Causal inference is definitely gaining traction in recent years in both academia and industry. Techniques such as g-computation, IPW and doubly robust estimation are starting to become mainstream. It is fascinating that these techniques themselves are not bound to a fixed model.
Resources:
- Workshop repository Causal-inference-in-RCTs
- Book: Causal Inference: What If by Hernán and Robins (2020)
- Principal stratum strategy, Bornkamp et al. (2021)
- Time-dependent covariates, Keogh et al. (2023)
- Target Trial Emulation (TTE), Hernán and Robins (2016)
Covariate adjustment and data challenge with RCT data
- Kelly Van Lancker (Ghent University). Improving Power in Randomized Trials by Leveraging Baseline Variables
- Dominic Magirr (Novartis). Organizing a Data Challenge on Covariate Adjustment in RCTs
- Craig Wang (Novartis). Participating in a Data Challenge on Covariate Adjustment in RCTs
Panel discussion: Jonathan Bartlett (LSHTM)
23 teams at Novartis participated in a Data Challenge on Covariate Adjustment. They were given a fixed outcome model, and 5 prior studies trial data, and their task was to create the design matrices that improve the precision compared to unadjusted data.

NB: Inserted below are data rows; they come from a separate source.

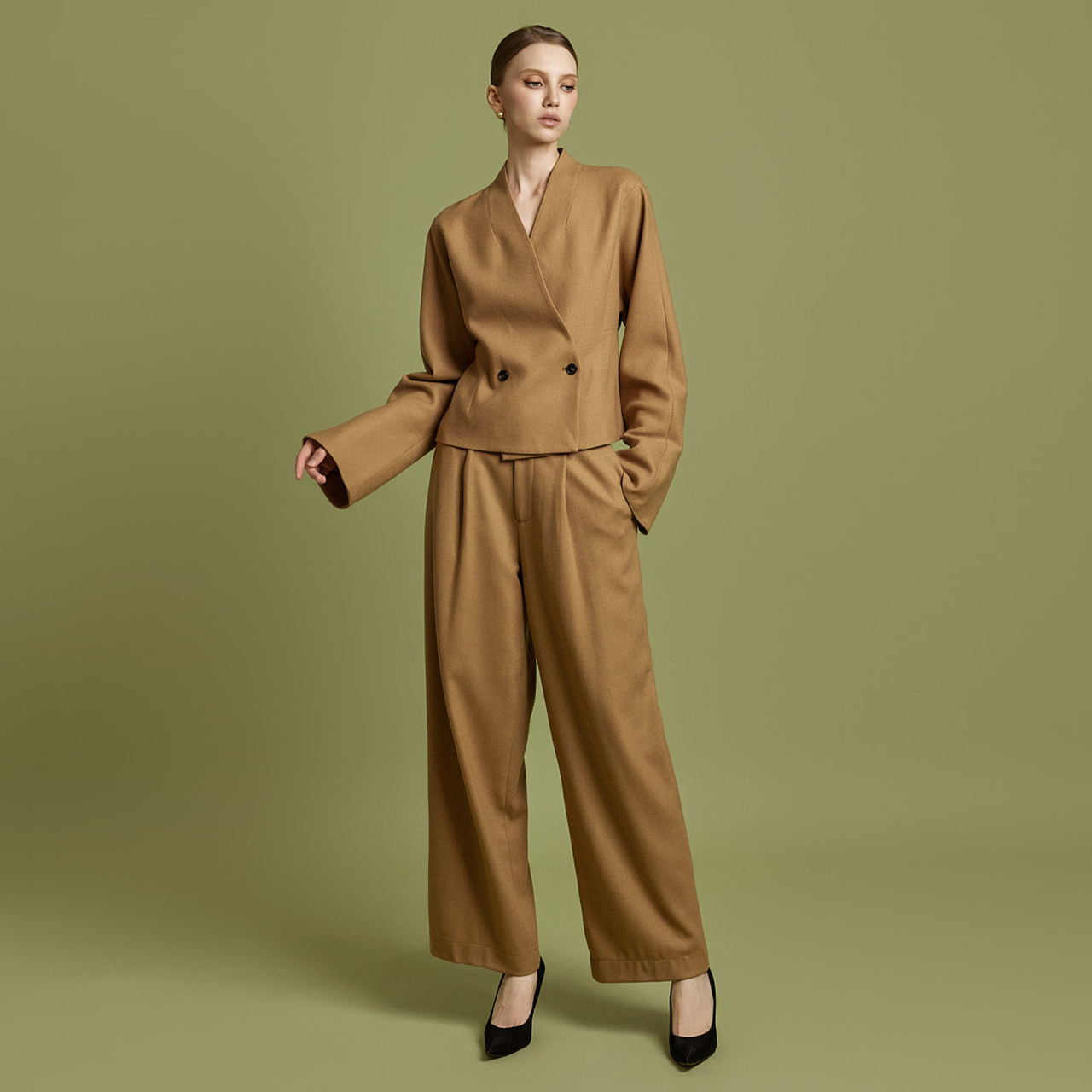 와이드핏 실루엣에 전면 핀턱 디테일을 더해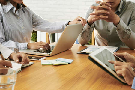 Colleagues working together in modern office using devices and gadgets during creative meeting
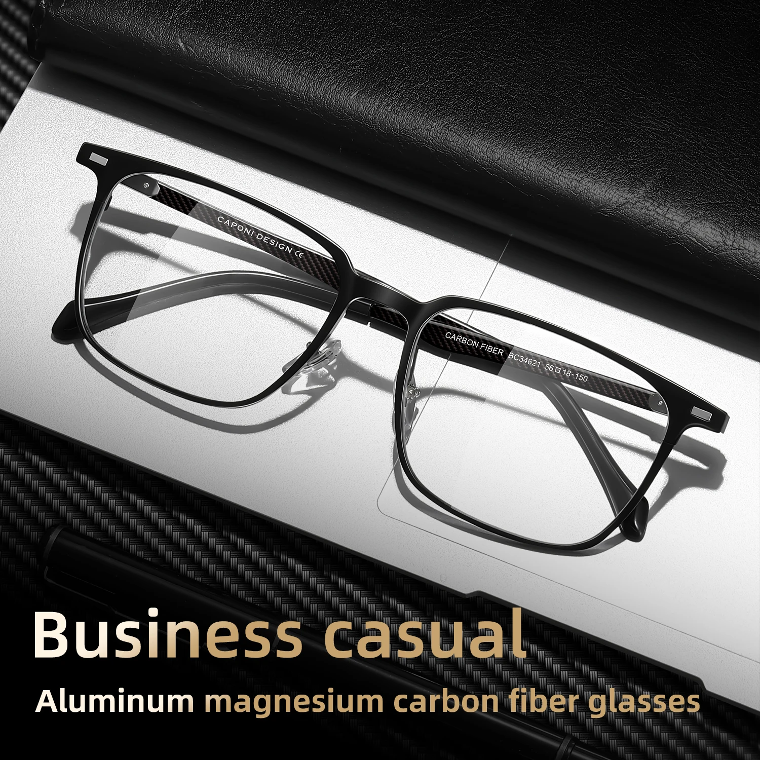 CAPONI Carbon Fiber Men Eyeglasses Frame J34621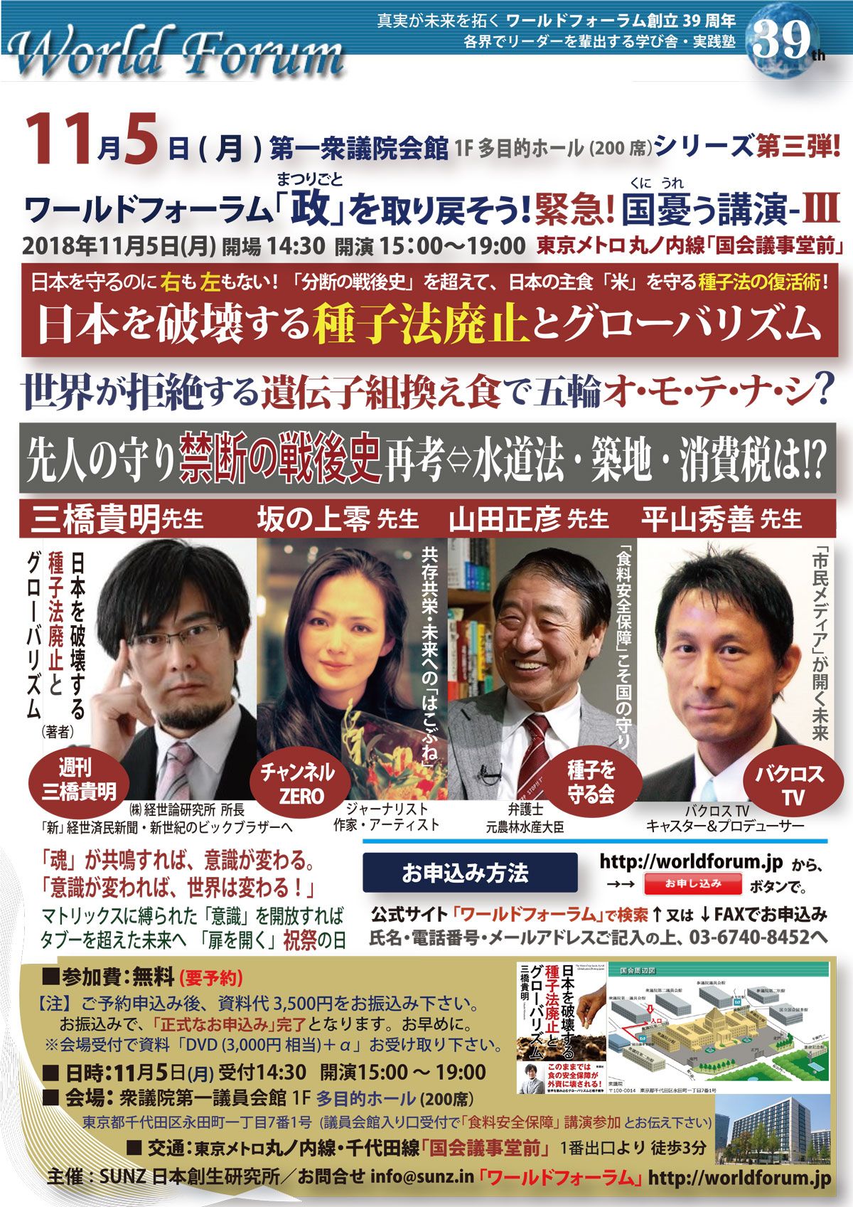 【ご案内】11月5日(月) 緊急! 国憂う講演会 第3弾! 三橋貴明先生 x 山田正彦先生 x 坂の上零先生 x 平山秀善先生 「禁断の戦後史をバクロス!」 東京 第一衆議員会館

If I were to select talks based on the category titles, I would probably missed the whole session. However, it is surprisingly similar to using not trial, but real-world data (such as EHR) to make predictions. The conclusion were similar as well: using “supercovariates” created by ML isn’t gaining much compared to simple models such as ANCOVA. Possible reasons:
- small to moderate data size
- linear relationship between covariates and outcome
- good enough prognostic variables
It was also mentioned that the winning team did some trick to reduce the variance among the covariates. Would be interesting to read about it.
Some resources:
Statistical education
- Maren Vens et al (University of Lübeck). Biostatistics/Biometrics for physicians – essential or unnecessary? How do practicing physicians and dentists evaluate biostatistics? A cross-sectional survey
Statistical education to students / professionals who are not used to working with data has always been tricky. Students generally think statistics is difficult, and need help from a statistician. However there are only limited number of statisticians. The talk by Vens and colleagues confirms what practicing statisticians know, but can’t do much about: most (87%) physicians and dentists in the survey need a statistician to help with their work.
How to improve the statistical competency is an important and relevant topic for discussion, and might require systematic changes in how it is taught. Use of modern technology can help, yet it’s only helpful when students start to not fear, or not find math and technology boring.